In this model, we use the k-sparse parity dataset (deterministic) to test the encoder-only Transformer.

**Report**: 

- For $n=4$, $k=2$, encoder got $100\%$ using the parameters below. With the same parameters, the decoder got $100\%$ as well.
- For $n=40$, $k=4$, with the same parameters, the encoder got $52\%$
- New experiments: increasing the size of the data, the architecture, and the number of epochs.



In [1]:
import torch
from ray import tune

from mindreadingautobots.sequence_generators import make_datasets
from mindreadingautobots.models import decoder_transformer, hyperparameters

# DATA LOADING
seed = 334
n_train = 20000
n_data = int(n_train * 5/4) # downstream we have a 80/20 train/val split
n = 40
k = 4
p_bitflip = 0.0
raw_data = make_datasets.sparse_parity_k_n(n, k, n_data, p_bitflip)

config = {"epochs": 40,
        "batch_size": 32,
        "device": torch.device("mps" if torch.backends.mps.is_available() else "cpu"), # NOTE: this is only for mac.

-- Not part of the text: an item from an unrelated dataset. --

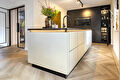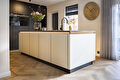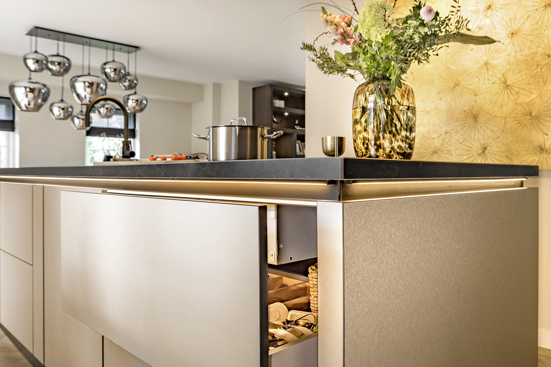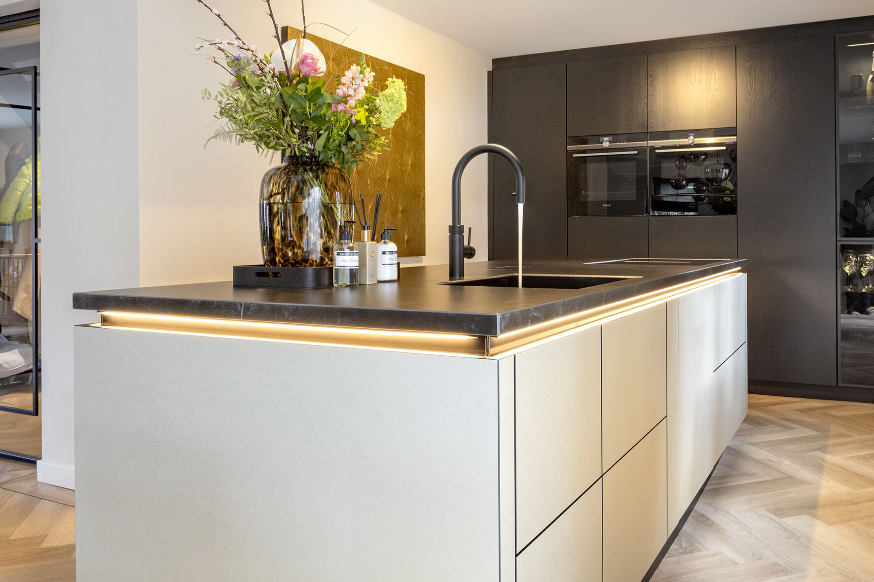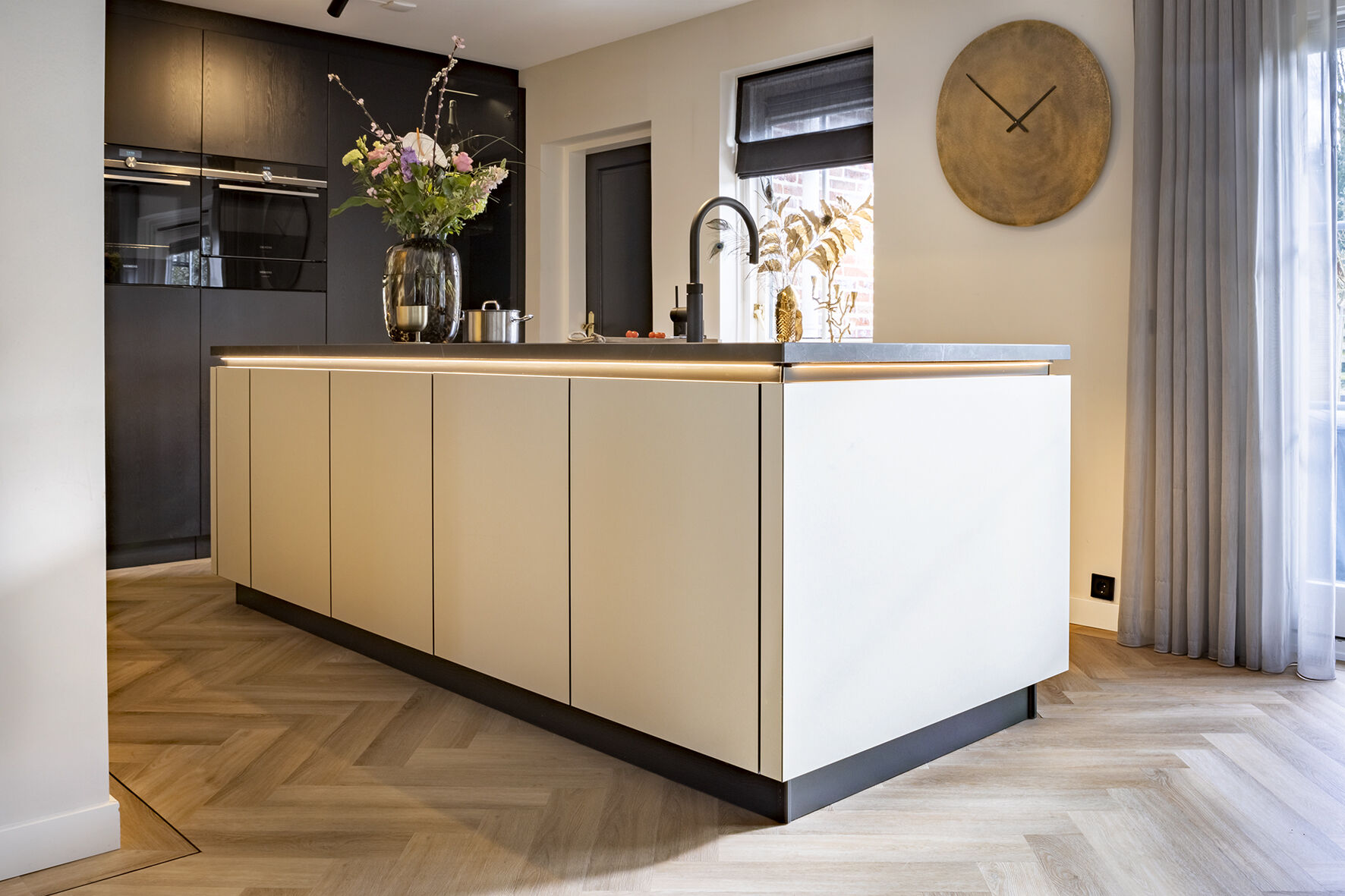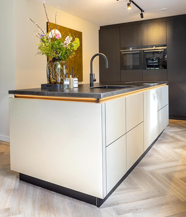 Een moodboard met kleuren en een plattegrond vormden de basis voor het keukenontwerp van dit gezin. Na een bezoek aan de showroom, waar aanvankelijk een zwart-witte keukenwens werd besproken, werd er gekozen voor een unieke champagnekleurige keuken met een warme en chique uitstraling. Henk Jan creëerde op basis van de plattegrond een 3D-ontwerp waarin alle wensen werden meegenomen, zoals een kookeiland, een indeling op basis van gebruik, greeploze deuren en lades, gewenste apparatuur, een zwart keramisch keukenblad en onderhoudsvriendelijke en krasbestendige materialen.

For windows use cuda instead of mps.
        "lr": 1e-3,
        "context_size": 500,
        "vocab_size": 2,
        "n_layer": 4,
        "n_head": 4,
        "d_model": 16,
        "dropout": 0.0,
        "d_ff": 128,
        "activation": "relu",
        "standard_positional_encoding": False,
        "loss_type": "cross_entropy",
        "bias": True,
        "tie_weights": False,
        "embedding": "embedding",
        "mode": "encoder"
        }

2024-07-22 15:42:20,497	INFO util.py:154 -- Missing packages: ['ipywidgets']. Run `pip install -U ipywidgets`, then restart the notebook server for rich notebook output.
2024-07-22 15:42:20,839	INFO util.py:154 -- Missing packages: ['ipywidgets']. Run `pip install -U ipywidgets`, then restart the notebook server for rich notebook output.


In [2]:
model, train_dataloader, val_dataloader = decoder_transformer.train_loop(config, raw_data, verbose=True, 
                                                                         return_model=True, return_data=True)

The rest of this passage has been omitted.